Whispers in the Dark by Skillet
Imaginary by Evanescence
Wrapped in Your Arms by Fireflight
Driving With the Top Down by Ramin Djawadi (from the Iron Man soundtrack)
Carnival of Rust by Poets of the Fall
Leave Out All the Rest by Linkin Park
Only the Strong by Flaw (this might in truth be a Nine Inch Nails song, my iTunes has never been clear about this)
Ready and Waiting to Fall by Mae
La Journée Est Finie from Les Misérables: The French Concept Album (the only place to find this is on , I warn you)
Shall Never Surrender by Jason "Shyboy" Arnold of Hyonogaja (from the Devil May Cry 4 Special Original Soundtrack - this song is awesome, though tricky to find)
Photograph by 12 Stones
The Hand That Feeds by Nine Inch Nails

I am sorry, again, for OOC, a sense of being rushed, or a short chapter. And also for run-on sentences and over-description, the battle against these is ongoing. I'm a bit more content with this as it is now than I was with it when I posted Chapter 6. I hope it leaves you well.

Whether it comes as a relief or a disappointment, I must say that I won't be working on anything new at least until this summer. I am moving! There is a convention! I have to get a new job before I have to apply at my current position for a fireproof uniform because mine is not withstanding the temperatures that HELL has risen to of late. *runs screaming into a wall*

Without any further ado, thank you to all of you~! Your notices of favorites and helpful comments and constructive criticism have all been very helpful. I hope that you will find in this chapter that I have improved the work. As much as circumstances and consistency would allow, anyway (after all, I started this fic with a heavy sense of flippancy).

So, thank you all!
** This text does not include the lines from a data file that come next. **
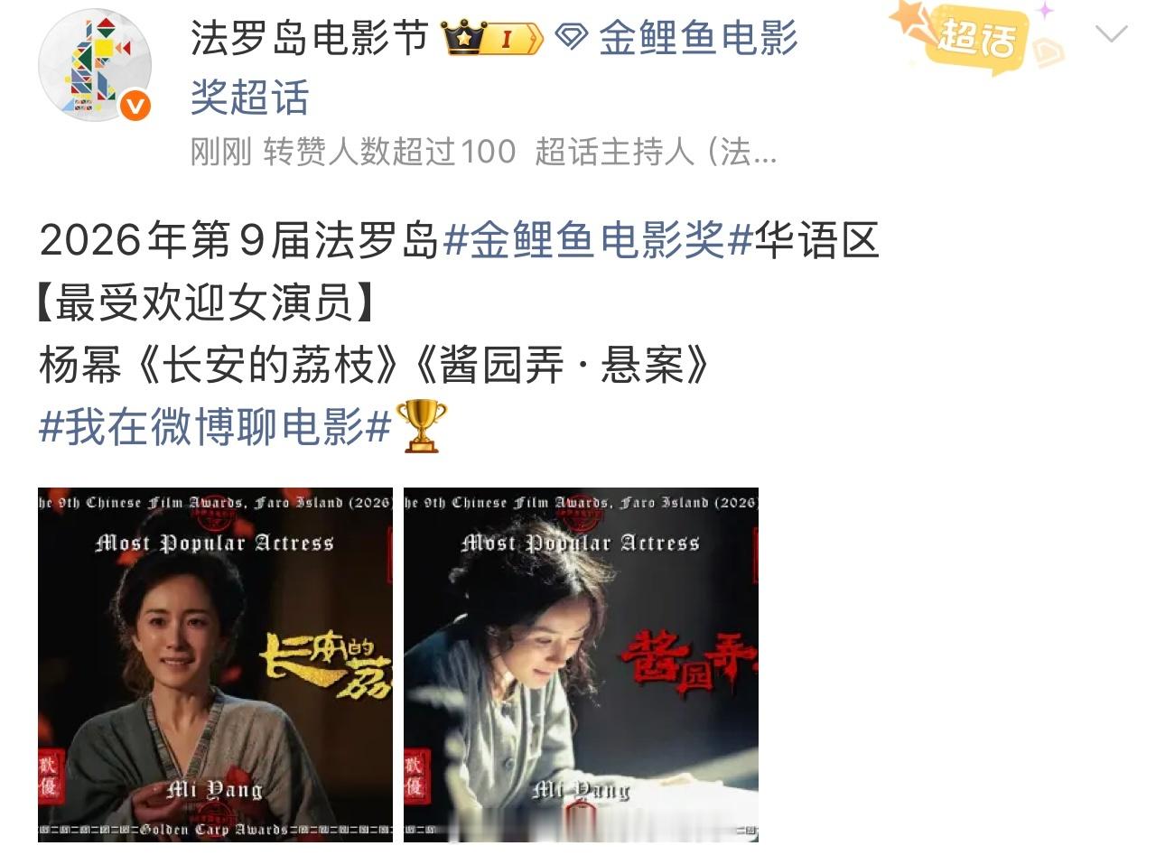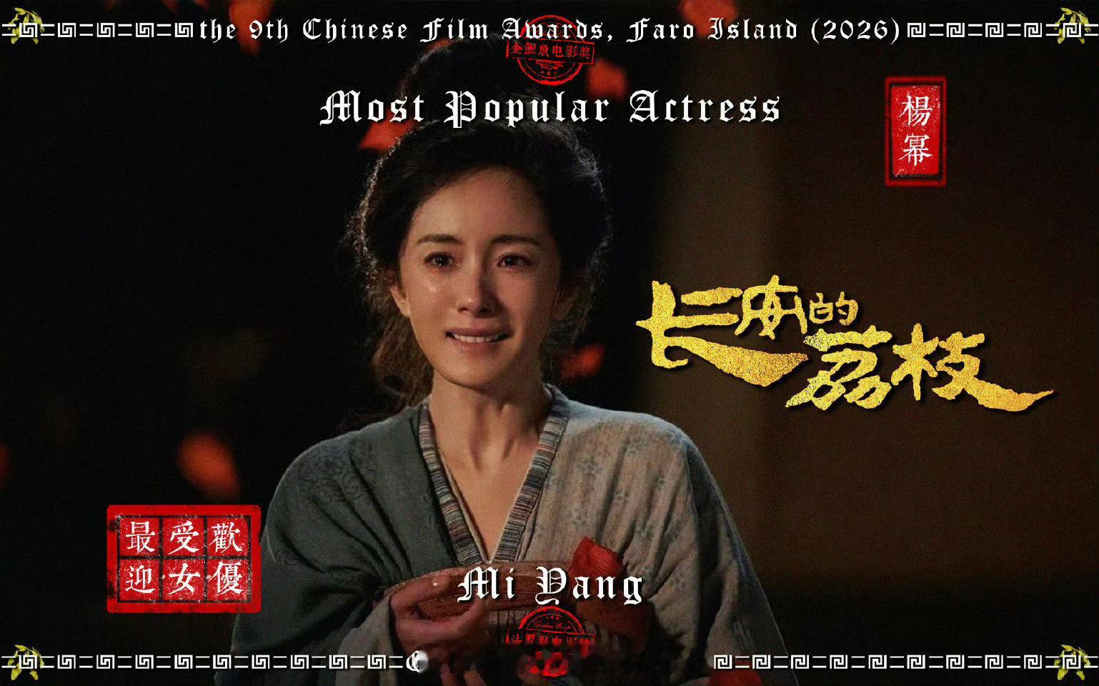 杨幂凭借《长安的荔枝》《酱园弄·悬案》获得2026年第9届法罗岛金鲤鱼电影奖华语区【最受欢迎女演员】荣誉恭喜杨幂,实至名归杨幂杨幂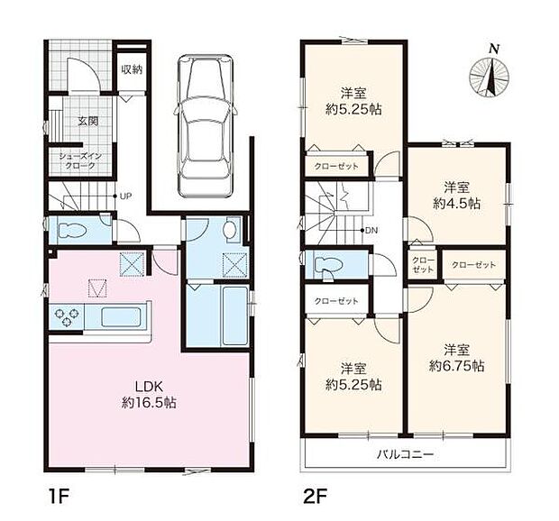 間取り内訳:リビングダイニングキッチン 16.5帖(1階)・洋室 5.2帖(2階)・洋室 6.7帖(2階)・洋室 4.5帖(2階)・洋室 5.2帖(2階)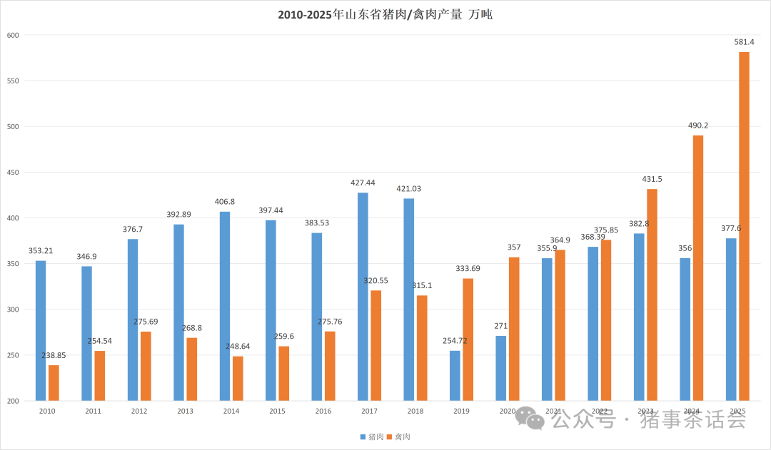 禽肉产量不仅远超猪肉,更占据全省肉类总产量的半壁江山以上,正式成为山东畜牧产业名副其实的第一大畜牧产业。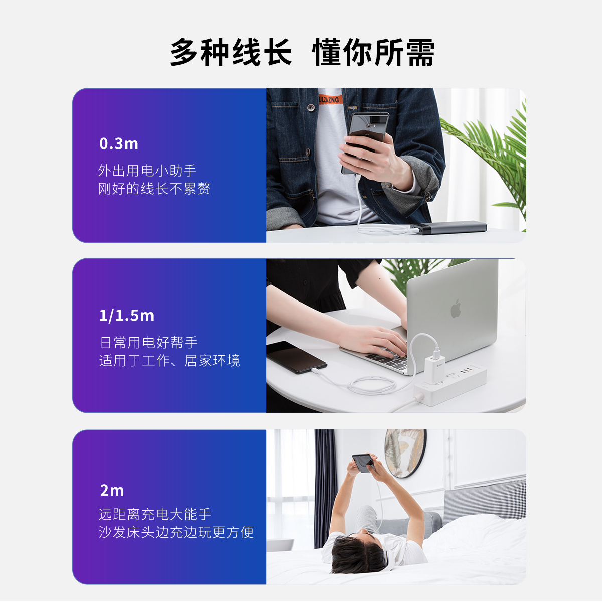 充电传输两不误,耐插拔,接头加固,经久耐用,多种线长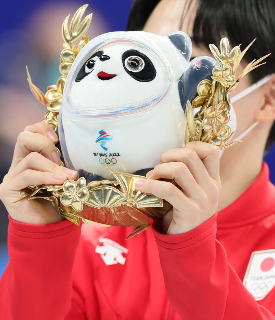 2月7日在頒發禮品儀式上拍攝的北京2022年冬奧會吉祥物“冰墩墩”。(新華社記者 蘭紅光 攝)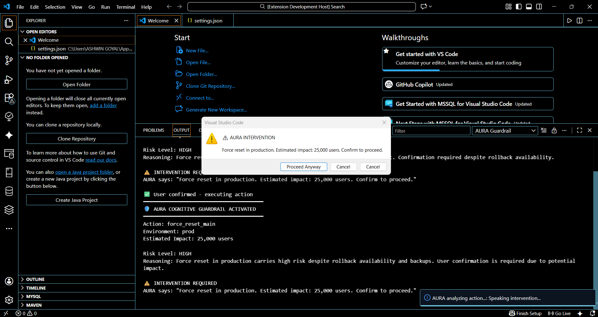 VS Code Extension: The extension registers high-risk commands (Deploy to Production, Delete Database, Force Reset Main Branch). When triggered, it queues the action, calls Gemini for analysis, plays the voice warning, and requires explicit CONFIRM input before proceeding.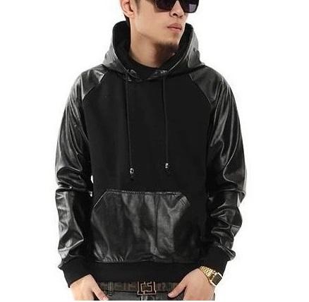 Men Leather Sleeves Hoodies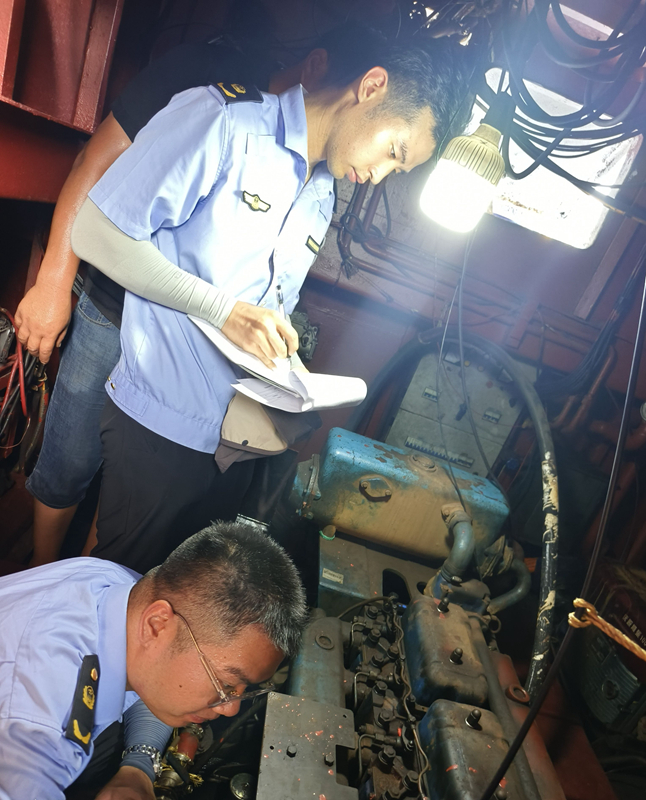 發(fā)布時(shí)間:2024-08-06 編輯:王婷 來(lái)源:機(jī)艙是漁船的“心臟”,需要格外仔細(xì)地檢查。沿著狹窄且?guī)缀醮怪钡臉翘荩浾唠S陳宇來(lái)進(jìn)入到機(jī)艙,一股悶熱夾雜著柴油味的氣體撲面而來(lái),熏得人睜不開(kāi)眼,呼吸都不順暢。機(jī)艙內(nèi)光線(xiàn)昏暗,陳宇來(lái)拿著手電筒細(xì)細(xì)查看發(fā)動(dòng)機(jī)狀況、主機(jī)是否私自更換、動(dòng)力泵是否老化、電路是否凌亂等。沒(méi)幾分鐘,陳宇來(lái)便滿(mǎn)頭大汗,身上淺藍(lán)色的執(zhí)法工作服早已被汗水浸成“深藍(lán)”,如同水洗過(guò)一般?!耙凰掖蟾乓獧z查十幾個(gè)項(xiàng)目,慢的話(huà)得要半個(gè)多小時(shí)才能驗(yàn)好,一旦發(fā)現(xiàn)問(wèn)題就要通知船老大,必須整改好才能通過(guò)檢驗(yàn)。這艘船沒(méi)啥問(wèn)題,我們?nèi)ハ乱凰野?。”說(shuō)完,陳宇來(lái)猛灌一口水,馬不停蹄前往下一艘待檢漁船。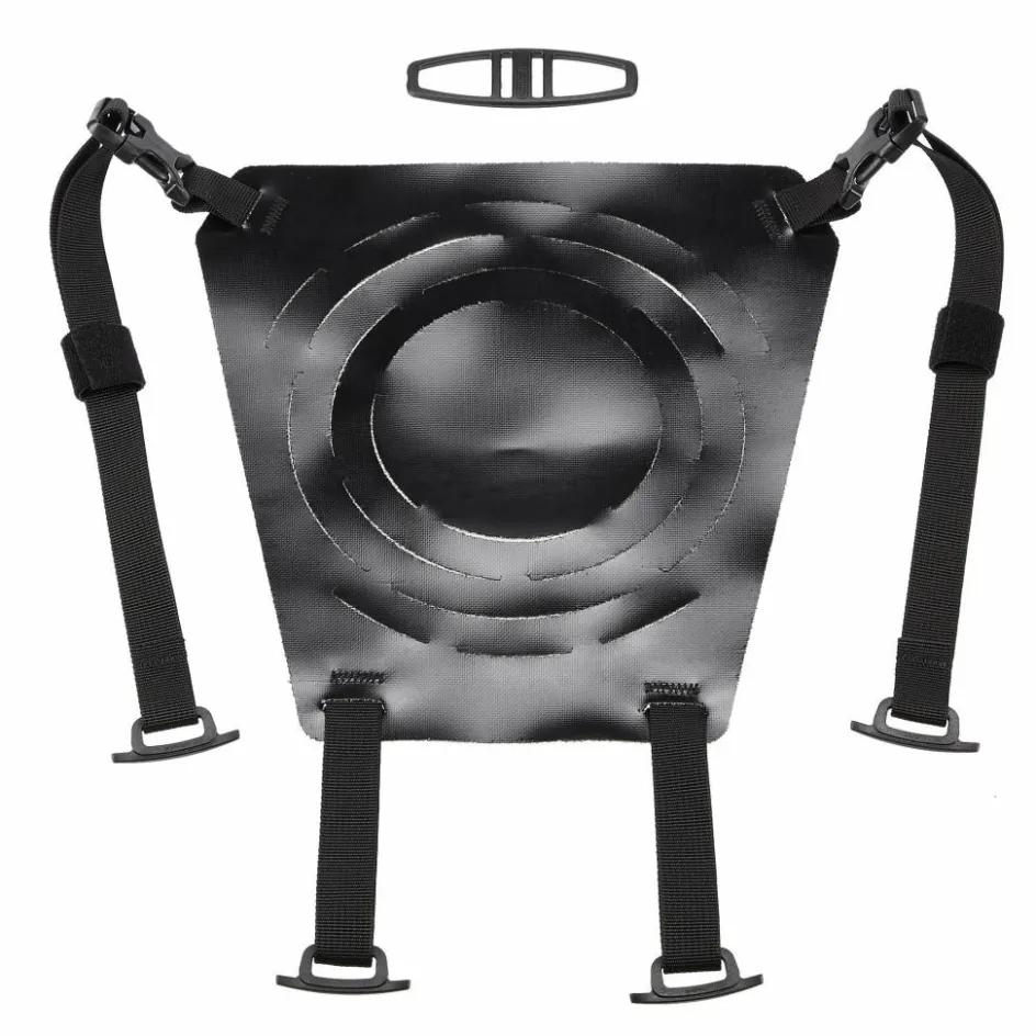 Die Halterung kann auf zwei Arten verwendet werden. Der Befestigungsriemen in Knebelform eignet sich für Helme mit großen Belüftungsöffnungen. Die Universalhalterung in Trapezform fasst Helme ohne große Belüftungsöffnungen, Bälle, aber auch diverse andere Ausrüstungsgegenstände.

For sticking around, for clicking a few extra buttons on the page. =D And now, if it is possible, please enjoy the final installment of "Fireflies."


When the sorcerer's apprentice came just days later, it was in the middle of the night and without ceremony.

The Nihilia attacks spiked after the night they claimed each other and their fates, leaving them exhausted even when they set out that final night to re-light the lamps and defend the city. It took Axel longer than usual, leaving him too taxed and sluggish to even light half of them. Once he'd lit up the city enough to be defensible, he found Roxas on the Tower and settled in close to the boy, leaning into his shoulder for support. Not much was there, the slim shoulders doing leaning of their own. He tugged the blond close to his chest and kissed his hair. Roxas burrowed his face against him.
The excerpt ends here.